C’est sur ce fondement que le juge du fond [1] a pour la première fois fait droit à une demande d’un bailleur en restitution des revenus perçus par son locataire qui avait proposé son bien à la sous-location via la plateforme Airbnb.
Décision confirmée par la cour de cassation le 12 septembre 2019 [2] :

« mais attendu que, sauf lorsque la sous-location a été autorisée par le bailleur, les sous-loyers perçus par le preneur constituent des fruits civils qui appartiennent par accession au propriétaire ; qu’ayant relevé que les locataires avaient sous-loué l’appartement pendant plusieurs années sans l’accord du bailleur, la cour d’appel en a déduit, à bon droit, nonobstant l’inopposabilité de la sous-location au bailleur, que les sommes perçues à ce titre devaient lui être remboursées ».

Le locataire sait donc désormais que faute d’autorisation expresse de son bailleur, il ne peut sous-louer le bien dont il a la jouissance, sauf à s’exposer à devoir rembourser la totalité des revenus perçus en fraude des droits du propriétaire.

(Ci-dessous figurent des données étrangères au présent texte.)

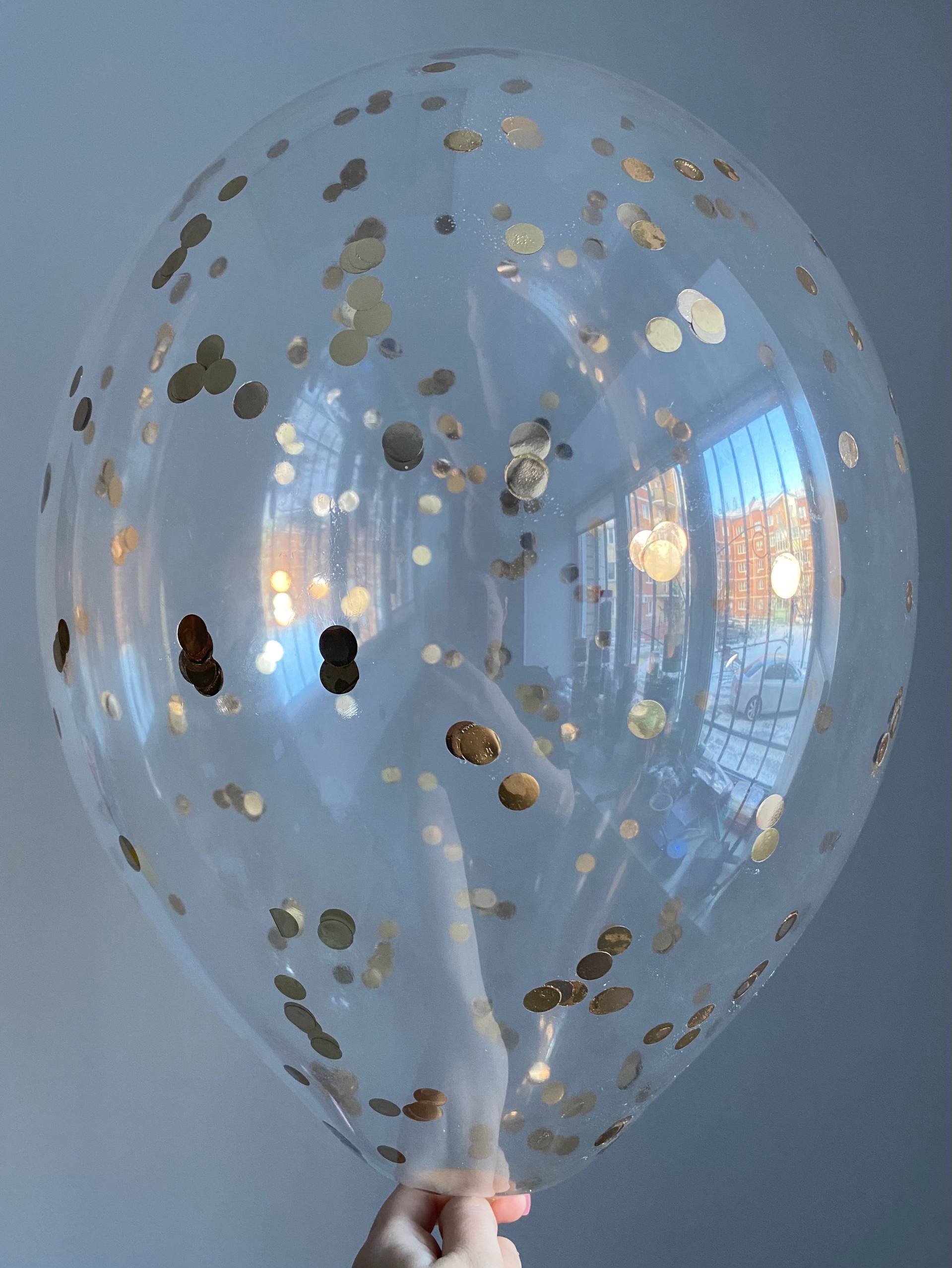 Воздушный шар с наполнением конфетти микс круглое золото/шампань ПАЛИТРА №4328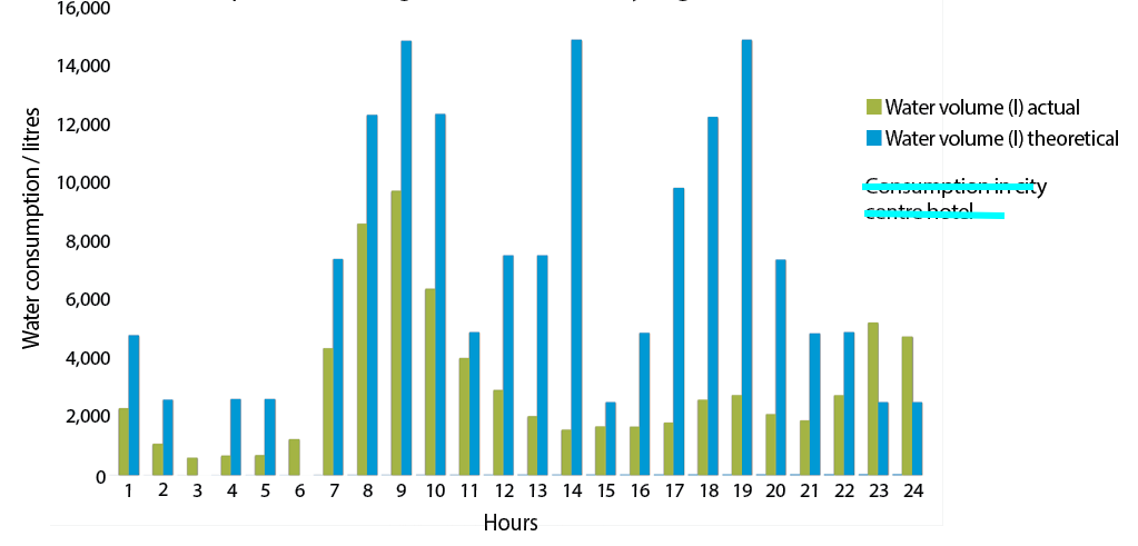 La seconda indagine ha riguardato un hotel per famiglie dotato di un ristorante aperto anche agli esterni, di un centro benessere e di un complesso di piscine. L’hotel ha meno di 20 anni e non ha mai subito lavori di ristrutturazione importanti. Il test è stato condotto durante le vacanze scolastiche quando l’hotel presenta un alto livello di occupazione. Ciò, insieme alla gestione del complesso ricreativo, avrebbe dovuto comportare un elevato consumo d’acqua.
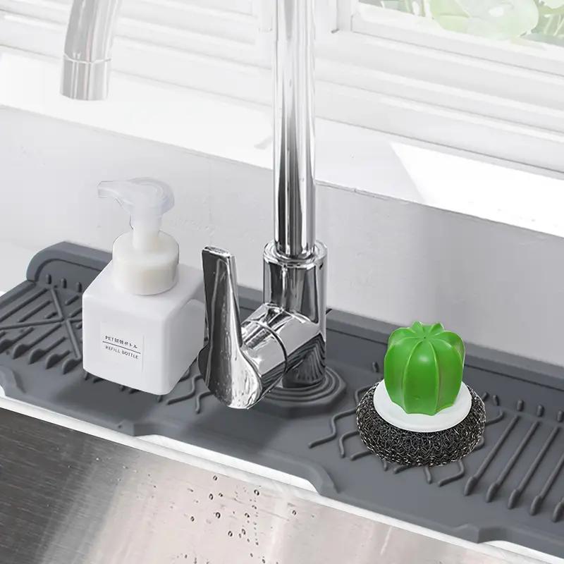 Kitchen sink splash guard, silicone faucet handle, drip tray, multi-purpose drying pad, sponge rack and bathroom countertop,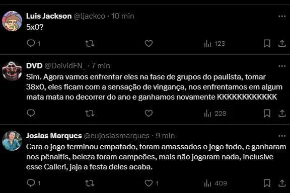 “A verdade é que a gente tinha na cabeça que se fosse contra o Palmeiras, a gente ia ganhar”, destacou o atacante quando questionado sobre o troféu levantado pelo Soberano.

Et la preuve des revenus perçus ?

La preuve des revenus perçus par le locataire est essentielle, déterminante du succès d’une action en justice. En effet, c’est au propriétaire qui soutient que son locataire a violé son contrat de location de rapporter tant la preuve de la/des sous-location(s) illicite(s), que des revenus générés par ces sous-location(s).

Le propriétaire sera donc bien avisé de solliciter, avant tout procès au fond et sur les fondements appropriés, la transmission des données nécessaires à l’établissement du montant des revenus générés par les sous-locations illicites de son locataire.

Le locataire fautif peut-il déduire des revenus qu’il a perçus (et qu’il doit restituer) les loyers qu’il a payés à son propriétaire ?

Les décisions rendues en la matière ne sont pas unanimes. On notera cependant que les dernières en date semblent aller dans le sens d’une déduction des loyers versés par le locataire à son propriétaire [3].

2/ Résiliation du contrat et expulsion.

La violation du contrat, et en l’espèce celle de l’interdiction de sous-louer, ouvre la possibilité pour le bailleur de demander en justice la résiliation du contrat et, par voie de conséquence, de l’expulsion du ou des locataire(s).

Il faut rappeler que la Cour de cassation reconnaît un large pouvoir d’appréciation aux juges du fond pour apprécier l’éventuelle gravité du manquement et l’opportunité d’une résiliation judiciaire ; ce n’est pas automatique.

A noter cependant que les juges font preuve d’une grande sévérité lorsque la sous-location non autorisée a été réalisée par le bénéficiaire d’un logement social. En effet, selon les juges les manquements sont d’autant plus graves

« qu’il s’agit d’un logement conventionné ouvrant droit à des prestations sociales et destiné à des locataires dont les revenus ne dépassent pas un certain montant ; l’activité particulièrement lucrative de location d’un bien via le site Airbnb est radicalement contraire à la destination d’un tel logement social » [4].

Les locataires indélicats sont prévenus… !

Maître Guillaume LASMOLES Avocat en droit des affaires Barreau de Montpellier https://lasmoles-avocat.com/

[1Tribunal d’Instance de Paris 5 juin 2018 n°16/10684

[2Civ. 3eme 12 septembre 2019 n°18-20.727

[3CA Paris, 3 novembre 2020, n°18/03533.

[4CA Paris, 21 février 2020, n°18/23633.